この問題では、肥満の背景にある冷え、だるさ、脈の所見から病証を判断します。

下腹部や腰の冷え、動くと息切れ、脈遅弱は腎陽虚を考える重要所見です。

解説

腎陽は、体を温め、水液代謝や下焦の機能を支える働きと関係します。

腎陽が不足すると、下腹部や腰の冷え、だるさ、活動性低下、むくみや水分代謝の低下、下半身の締まりのない肥満などがみられます。脈が遅弱であることも、陽気不足や虚寒を示す手がかりです。

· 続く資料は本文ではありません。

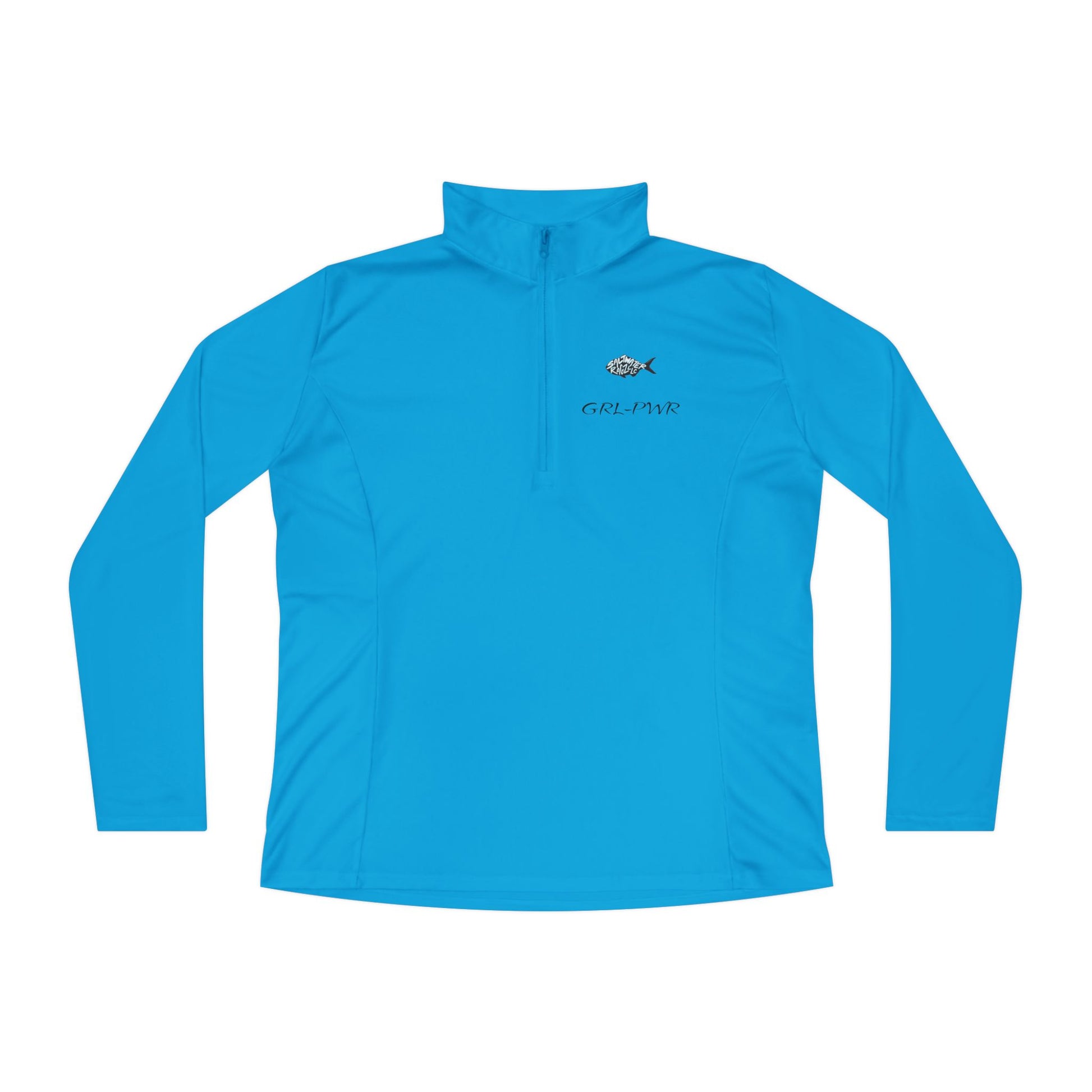 Ladies Quarter-Zip Pullover with Surfing Wave Design - Perfect for Beach Lovers and Outdoor Adventurers

この症例では、食欲や食事量は大きく増えていないにもかかわらず、殿部や大腿部に締まりのない肥満があり、下腹部・腰の冷えを伴います。治療方針は腎陽を補うことが最も適切です。

ひっかけポイント
食べ過ぎによる肥満ではなく、冷えと活動低下を伴う下半身型の締まりない肥満では腎陽虚を考えます。

選択肢の確認

1.湿熱を除く。
誤り。
湿熱では熱感、口渇、尿黄、舌苔黄膩、脈滑数などを考えます。本症例は冷えと脈遅弱が中心です。

2.瘀血を除く。
誤り。
瘀血では刺痛、固定痛、暗紫色の舌、瘀斑などが重要です。本症例の主病態は血の滞りより腎陽不足です。

3.心気を補う。
誤り。
心気虚では動悸、息切れ、胸悶、自汗などが中心になります。本症例では下腹部や腰の冷え、下半身の肥満があり、腎陽を補う方針が適切です。

4.腎陽を補う。
正しい。
下腹部や腰の冷え、だるさ、脈遅弱、下半身の締まりない肥満から腎陽虚を考えます。治療方針として適切です。

覚えるポイント

  • 腎陽虚では腰や下腹部の冷えが重要です。
  • 脈遅弱は陽虚や寒を考える所見です。
  • 下焦の冷えと水液代謝低下では腎陽を補う方針を考えます。